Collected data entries
• • • • • • •

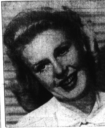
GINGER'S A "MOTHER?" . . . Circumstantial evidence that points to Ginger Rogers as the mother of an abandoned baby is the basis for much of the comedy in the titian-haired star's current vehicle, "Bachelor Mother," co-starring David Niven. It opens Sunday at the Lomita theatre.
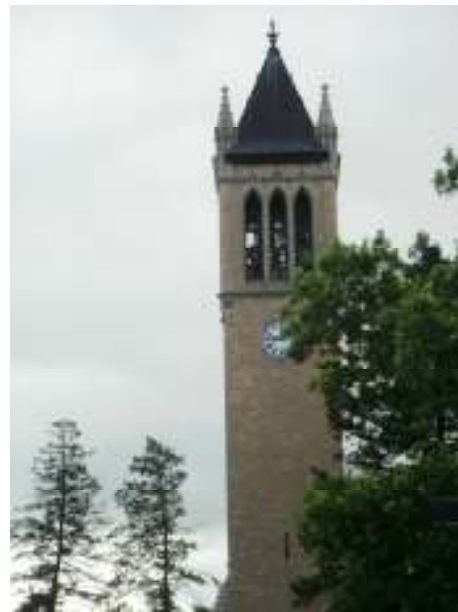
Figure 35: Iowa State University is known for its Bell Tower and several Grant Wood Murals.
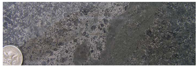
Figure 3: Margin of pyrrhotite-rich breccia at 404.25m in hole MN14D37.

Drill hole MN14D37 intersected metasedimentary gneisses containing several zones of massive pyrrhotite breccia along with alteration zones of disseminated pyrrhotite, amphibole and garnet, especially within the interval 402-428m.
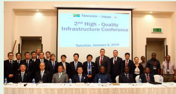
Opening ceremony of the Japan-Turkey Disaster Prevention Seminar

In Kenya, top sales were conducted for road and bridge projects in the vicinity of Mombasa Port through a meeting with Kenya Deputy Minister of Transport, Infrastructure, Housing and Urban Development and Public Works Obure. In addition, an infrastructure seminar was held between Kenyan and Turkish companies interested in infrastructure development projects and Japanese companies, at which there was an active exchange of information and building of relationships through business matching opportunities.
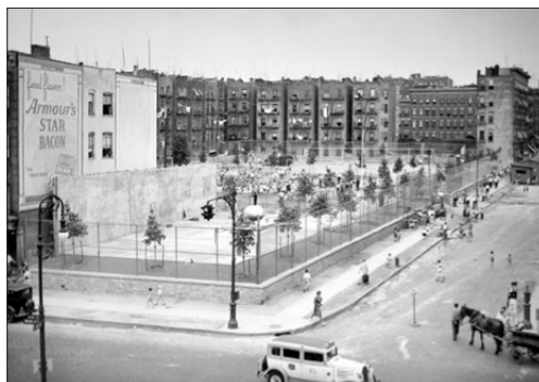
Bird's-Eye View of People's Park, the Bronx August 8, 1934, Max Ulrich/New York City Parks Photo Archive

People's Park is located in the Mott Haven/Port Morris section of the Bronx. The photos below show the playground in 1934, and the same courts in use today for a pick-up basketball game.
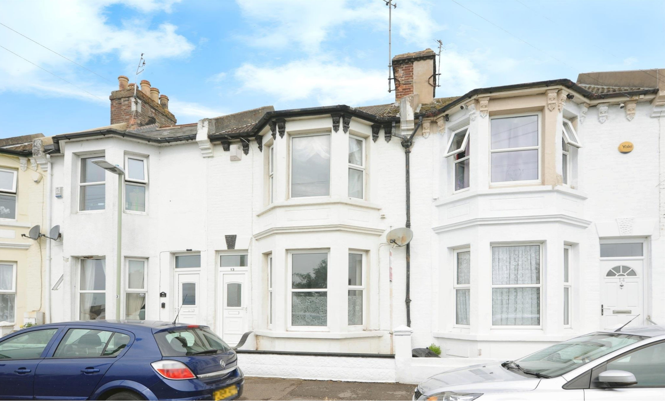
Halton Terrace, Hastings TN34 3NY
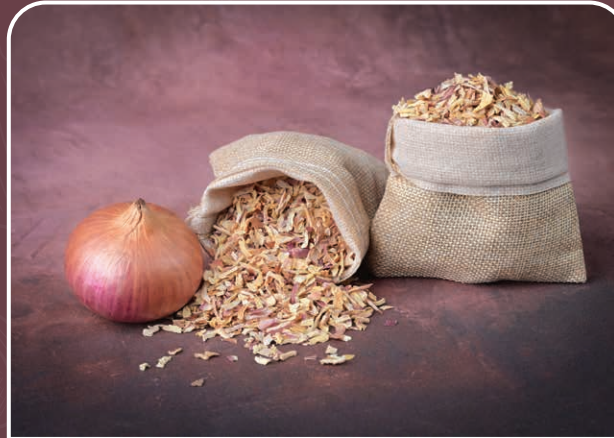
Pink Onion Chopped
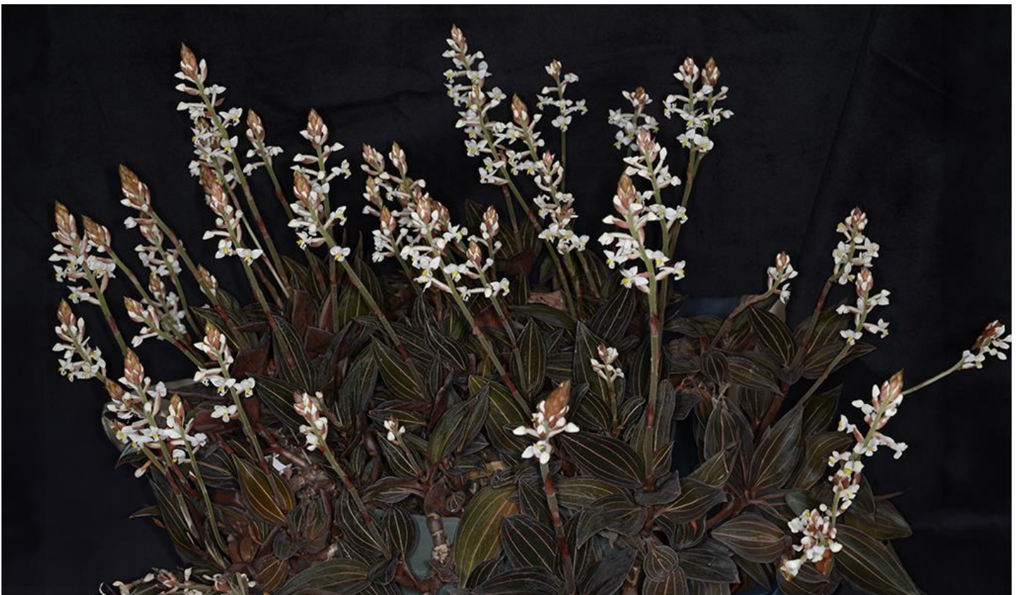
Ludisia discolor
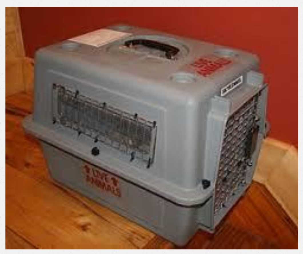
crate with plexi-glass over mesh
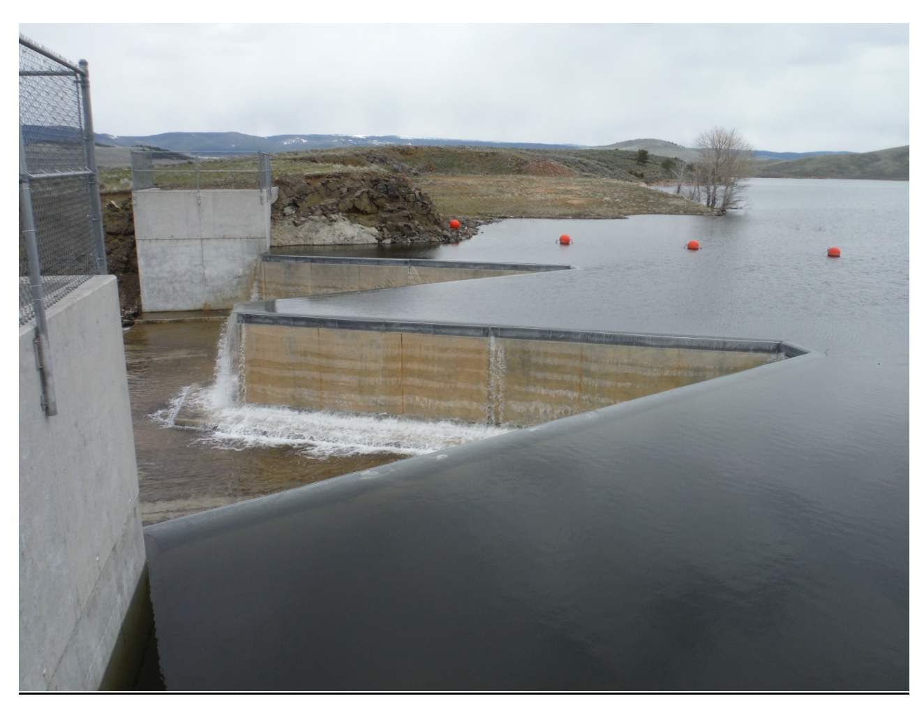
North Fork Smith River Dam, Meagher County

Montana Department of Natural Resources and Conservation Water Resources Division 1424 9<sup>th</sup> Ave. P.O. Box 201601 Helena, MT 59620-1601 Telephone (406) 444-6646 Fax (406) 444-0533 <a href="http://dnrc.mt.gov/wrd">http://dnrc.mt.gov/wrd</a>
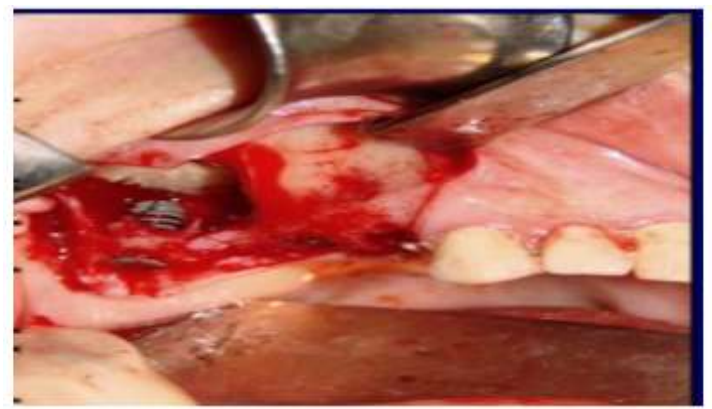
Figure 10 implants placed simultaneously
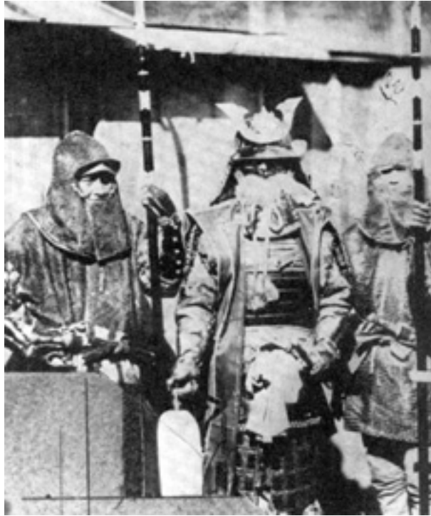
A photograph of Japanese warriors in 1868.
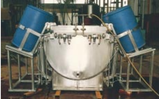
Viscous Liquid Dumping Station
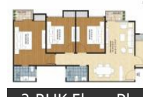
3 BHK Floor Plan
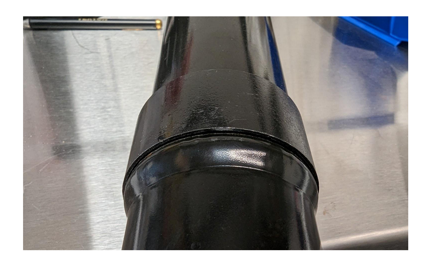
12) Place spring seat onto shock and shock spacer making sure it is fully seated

• • • • • • •

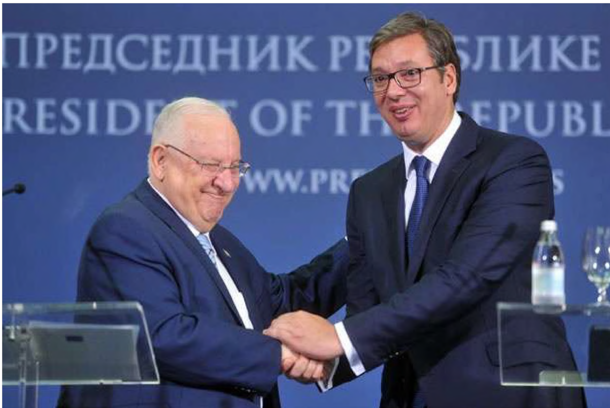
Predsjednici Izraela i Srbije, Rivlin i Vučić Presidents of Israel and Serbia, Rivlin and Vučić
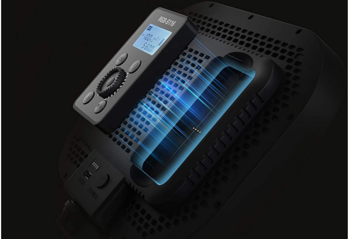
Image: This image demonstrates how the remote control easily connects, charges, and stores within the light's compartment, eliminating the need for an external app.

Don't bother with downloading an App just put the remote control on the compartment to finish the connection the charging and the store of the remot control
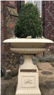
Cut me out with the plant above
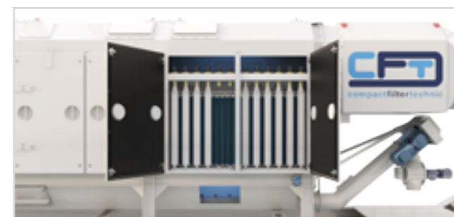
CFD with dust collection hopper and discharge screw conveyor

• • • • • • •

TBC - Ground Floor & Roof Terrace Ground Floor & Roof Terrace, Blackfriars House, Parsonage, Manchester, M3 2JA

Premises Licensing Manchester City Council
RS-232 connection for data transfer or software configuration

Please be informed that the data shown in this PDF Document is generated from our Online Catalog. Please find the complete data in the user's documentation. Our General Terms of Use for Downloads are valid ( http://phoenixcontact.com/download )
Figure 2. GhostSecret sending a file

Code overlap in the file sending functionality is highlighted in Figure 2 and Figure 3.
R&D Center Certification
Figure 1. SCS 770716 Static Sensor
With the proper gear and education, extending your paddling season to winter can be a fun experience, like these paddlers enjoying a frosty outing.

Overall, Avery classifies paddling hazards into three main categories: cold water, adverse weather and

• • • • • • •

Exercise details
Above are entries with pictures among them. Write out exactly the lines from the one containing "Pink Onion Chopped" through the one containing "A photograph of Japanese warriors in 1868.", ends included, and leave those pictures out.

Response to the task
Pink Onion Chopped
Ludisia discolor
crate with plexi-glass over mesh
North Fork Smith River Dam, Meagher County

Montana Department of Natural Resources and Conservation Water Resources Division 1424 9<sup>th</sup> Ave. P.O. Box 201601 Helena, MT 59620-1601 Telephone (406) 444-6646 Fax (406) 444-0533 <a href="http://dnrc.mt.gov/wrd">http://dnrc.mt.gov/wrd</a>
Figure 10 implants placed simultaneously
A photograph of Japanese warriors in 1868.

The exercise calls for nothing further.